- [WORK INSTRUCTION] An image-free, word-for-word version of the records below is to be returned.

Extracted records

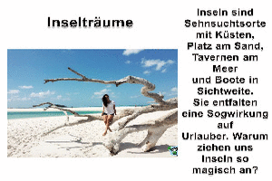 | Inselträume Powerpoint (6.51 MB) 56Lustiges Achtung, hier werden Urlaubsträume geweckt ;-) Es geht nämlich um schöne Inseln und die Bilder machen natürlich sofort Lust auf Urlaub. Witze über Inseln sind natürlich auch enthalten. Also mal wieder eine rundrum gelungene Präsentation! | Lustiges | 06.11.23-21:23 | lucky | |
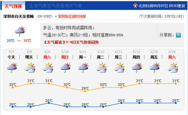 深圳连日来天气持续闷热有雨,预计7~9日,我市天气持续保持多云闷热状态,有局地短时阵雨或雷阵雨。今年第6号台风“红霞”5天内对我市无影响。
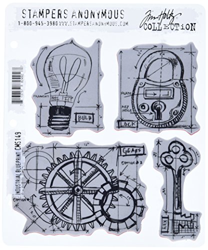 Stampers Anonymous Tim Holtz Cling Rubber Stamp Set, 7 by 8.5-Inch, Industrial Blueprint
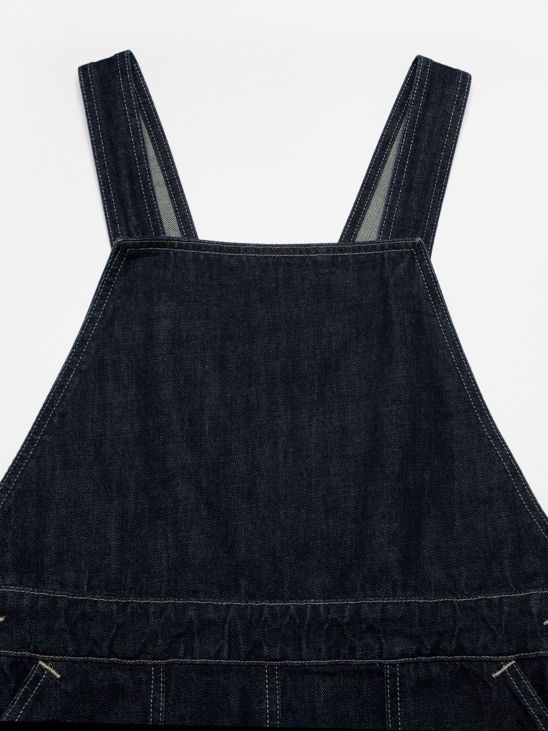 Malwa, a regular-fit dungaree dress, features patch pockets and adjustable shoulder straps. Sewn with off-white thread, it lends a clean, workwear-inspired aesthetic. From its silhouette to its craftsmanship, Malwa embodies our passion for workwear dresses—where functionality and practicality meet timeless simplicity.
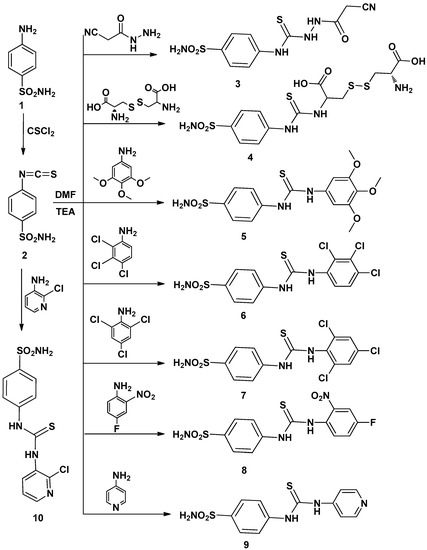 The aim of this work was to design and synthesize a novel series of thioureido-sulfonamide derivatives and examine their potential anticancer activity starting with the reported isothiocyanatobenzenesulfonamide 2 which was prepared by the reaction of sulfanilamide with thiophosgene following a reported method [18].
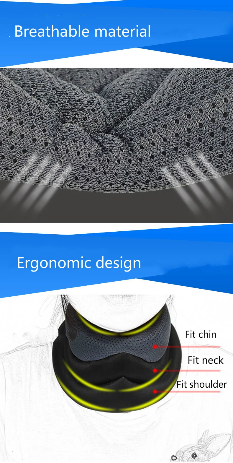 【 Эластичный материал 】 шейный воротник изготовлен из вспененного материала и тонкой работы, легкий и облегчает боль в шее. Он быстро впитывает пот и сохраняет шею сухой и без запаха из дышащих материалов. Удобство для кожи обеспечивает комфорт при непрерывном использовании, что помогает сохранить шею прохладной.
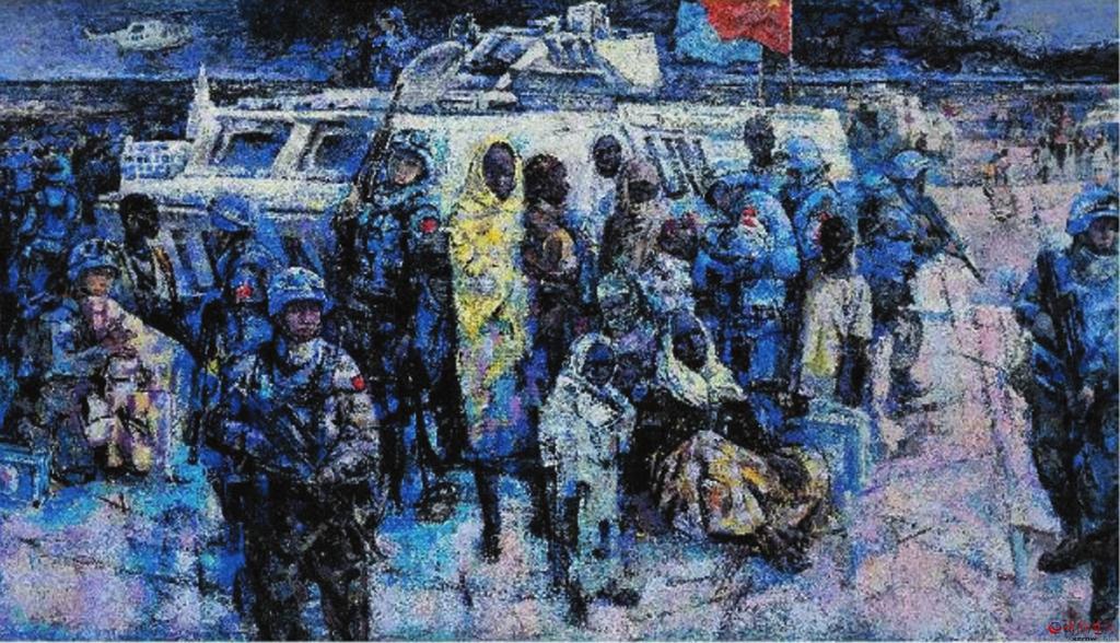 在續(xù)鶴賢眾多的作品中,從畫面表現(xiàn)效果方面,我是比較喜歡《和平使命——藍色交響曲》這幅作品的。無論畫面構圖、色彩關系,還是人物造型以及表現(xiàn)技巧,都堪稱完美。畫面中無論人物形象、動態(tài)、表情,還是人與自然背景,都處在一種和諧美好的關系中,從一個新的角度給予美好詮釋。這幅作品表現(xiàn)的是我們的維和部隊“子弟兵”以自己的生命守護著世界和平,講述著構建人類命運共同體的大國情懷。 (邢晨聲 文)
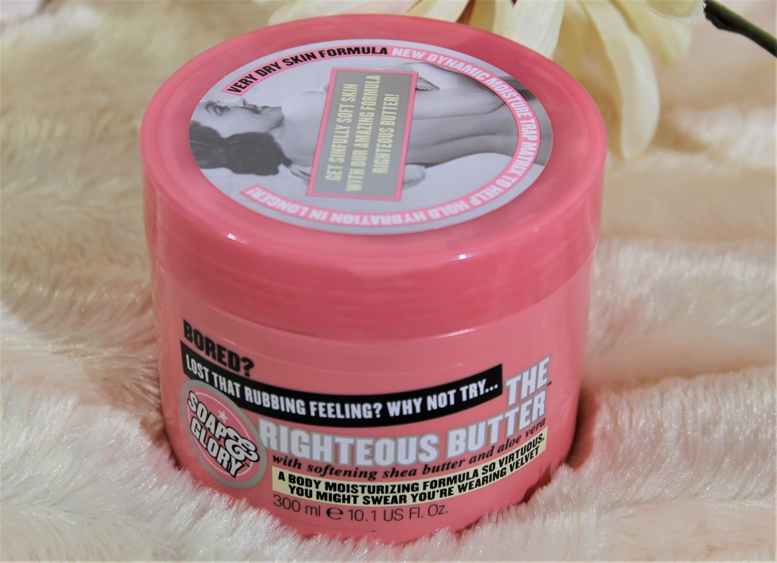 The packaging of the Soap & Glory Righteous Butter is charming, pretty & fun. As with many of their products, it’s somewhat nostalgic & PINK!
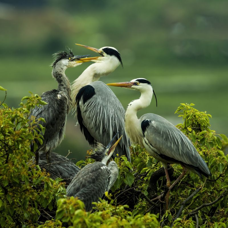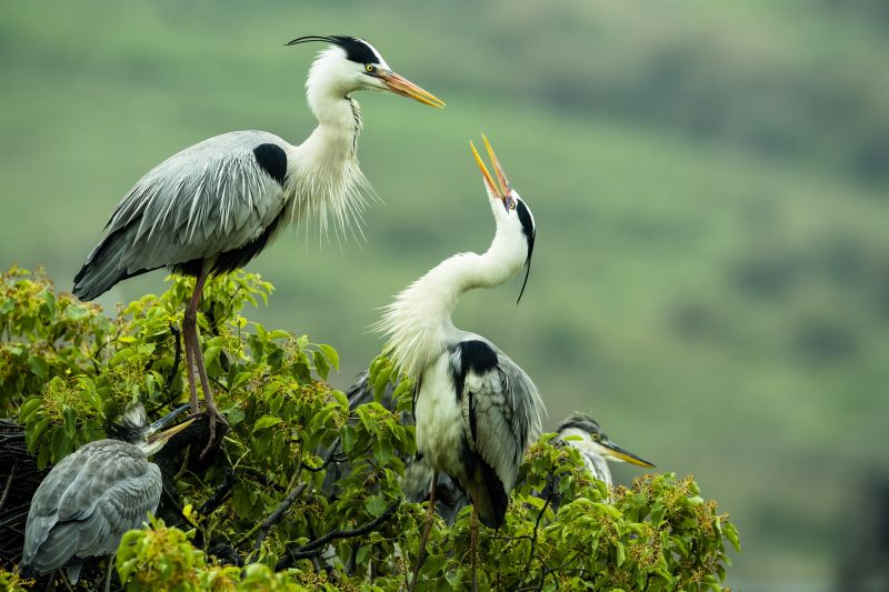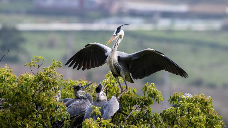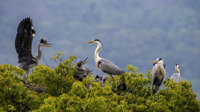 福建省羅源縣碧里鄉(xiāng)濂澳村后山的樹(shù)叢中,蒼鷺在嬉戲(5月2日攝)。新華社記者 梅永存 攝
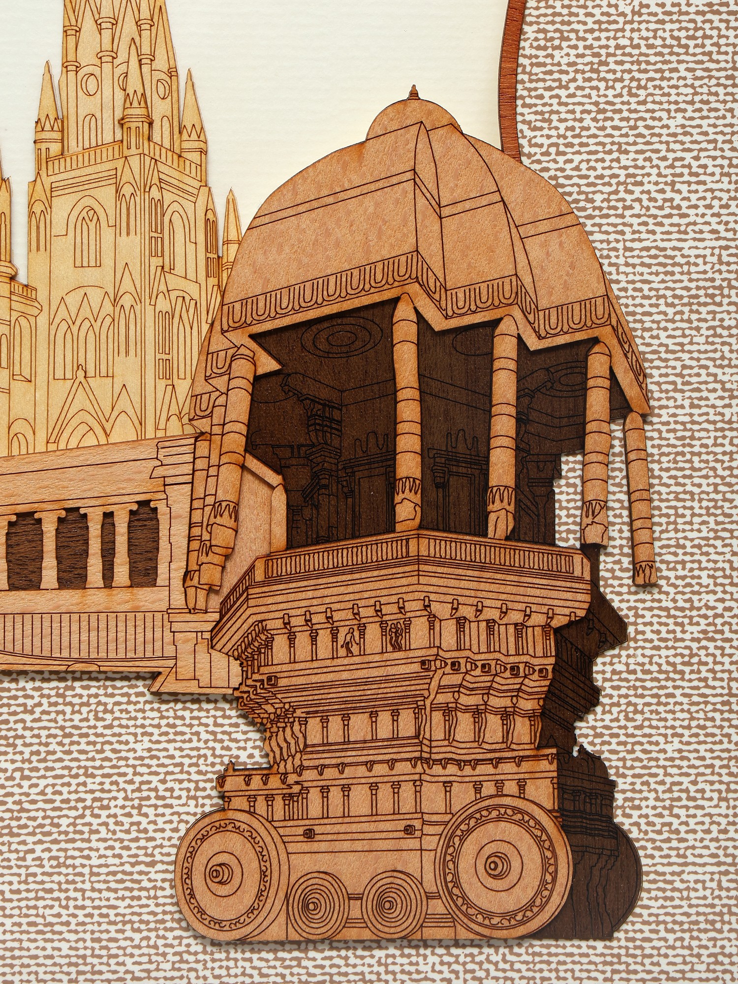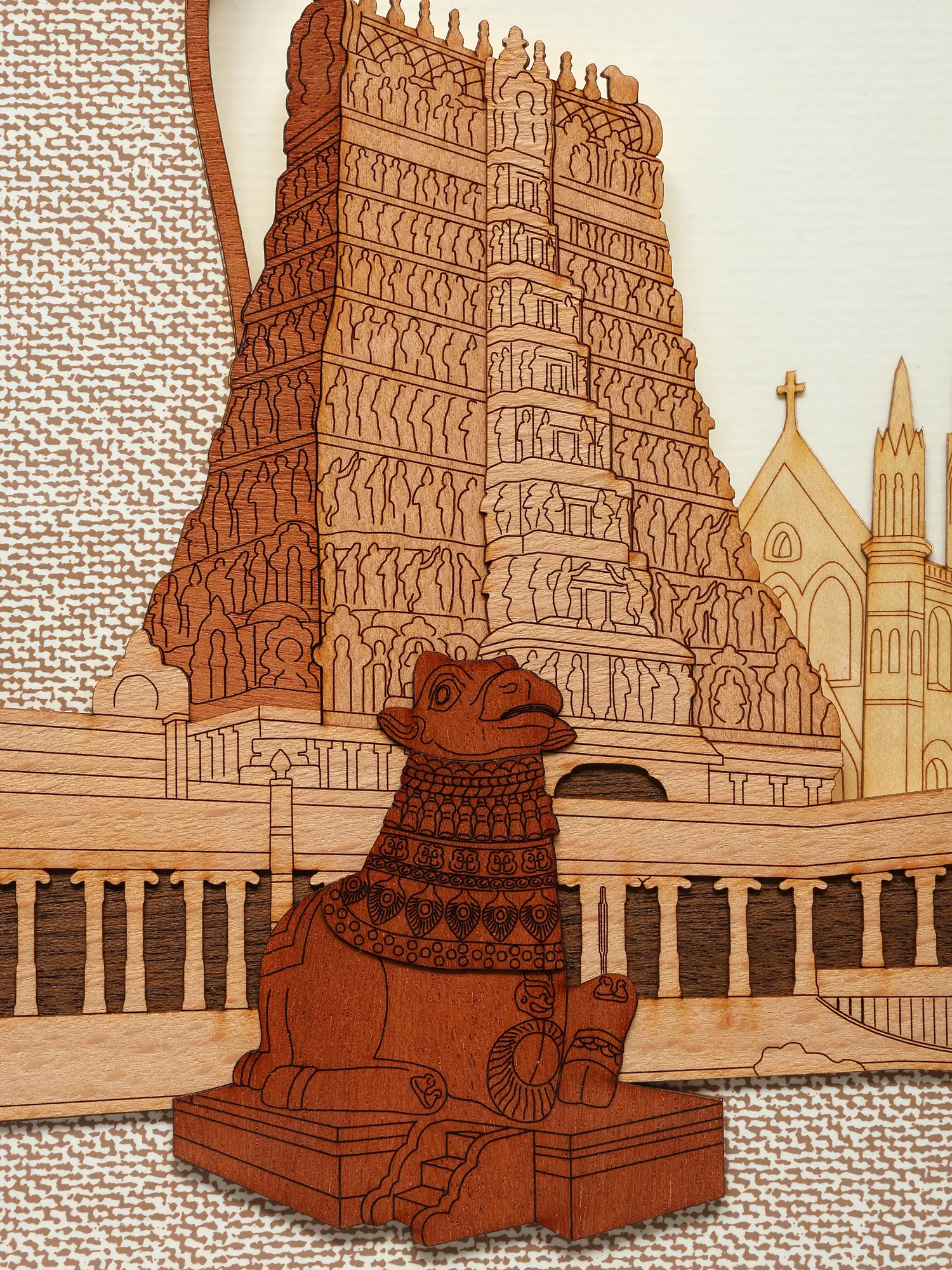 10" Chennai Monuments Wood Frame | Wall Hanging | Home Decor

- [WRITTEN SOLUTION]
 | Inselträume Powerpoint (6.51 MB) 56Lustiges Achtung, hier werden Urlaubsträume geweckt ;-) Es geht nämlich um schöne Inseln und die Bilder machen natürlich sofort Lust auf Urlaub. Witze über Inseln sind natürlich auch enthalten. Also mal wieder eine rundrum gelungene Präsentation! | Lustiges | 06.11.23-21:23 | lucky | |
 深圳连日来天气持续闷热有雨,预计7~9日,我市天气持续保持多云闷热状态,有局地短时阵雨或雷阵雨。今年第6号台风“红霞”5天内对我市无影响。
 Stampers Anonymous Tim Holtz Cling Rubber Stamp Set, 7 by 8.5-Inch, Industrial Blueprint
 Malwa, a regular-fit dungaree dress, features patch pockets and adjustable shoulder straps. Sewn with off-white thread, it lends a clean, workwear-inspired aesthetic. From its silhouette to its craftsmanship, Malwa embodies our passion for workwear dresses—where functionality and practicality meet timeless simplicity.
 The aim of this work was to design and synthesize a novel series of thioureido-sulfonamide derivatives and examine their potential anticancer activity starting with the reported isothiocyanatobenzenesulfonamide 2 which was prepared by the reaction of sulfanilamide with thiophosgene following a reported method [18].
 【 Эластичный материал 】 шейный воротник изготовлен из вспененного материала и тонкой работы, легкий и облегчает боль в шее. Он быстро впитывает пот и сохраняет шею сухой и без запаха из дышащих материалов. Удобство для кожи обеспечивает комфорт при непрерывном использовании, что помогает сохранить шею прохладной.
 在續(xù)鶴賢眾多的作品中,從畫面表現(xiàn)效果方面,我是比較喜歡《和平使命——藍色交響曲》這幅作品的。無論畫面構圖、色彩關系,還是人物造型以及表現(xiàn)技巧,都堪稱完美。畫面中無論人物形象、動態(tài)、表情,還是人與自然背景,都處在一種和諧美好的關系中,從一個新的角度給予美好詮釋。這幅作品表現(xiàn)的是我們的維和部隊“子弟兵”以自己的生命守護著世界和平,講述著構建人類命運共同體的大國情懷。 (邢晨聲 文)
 The packaging of the Soap & Glory Righteous Butter is charming, pretty & fun. As with many of their products, it’s somewhat nostalgic & PINK!
 福建省羅源縣碧里鄉(xiāng)濂澳村后山的樹(shù)叢中,蒼鷺在嬉戲(5月2日攝)。新華社記者 梅永存 攝
 10" Chennai Monuments Wood Frame | Wall Hanging | Home Decor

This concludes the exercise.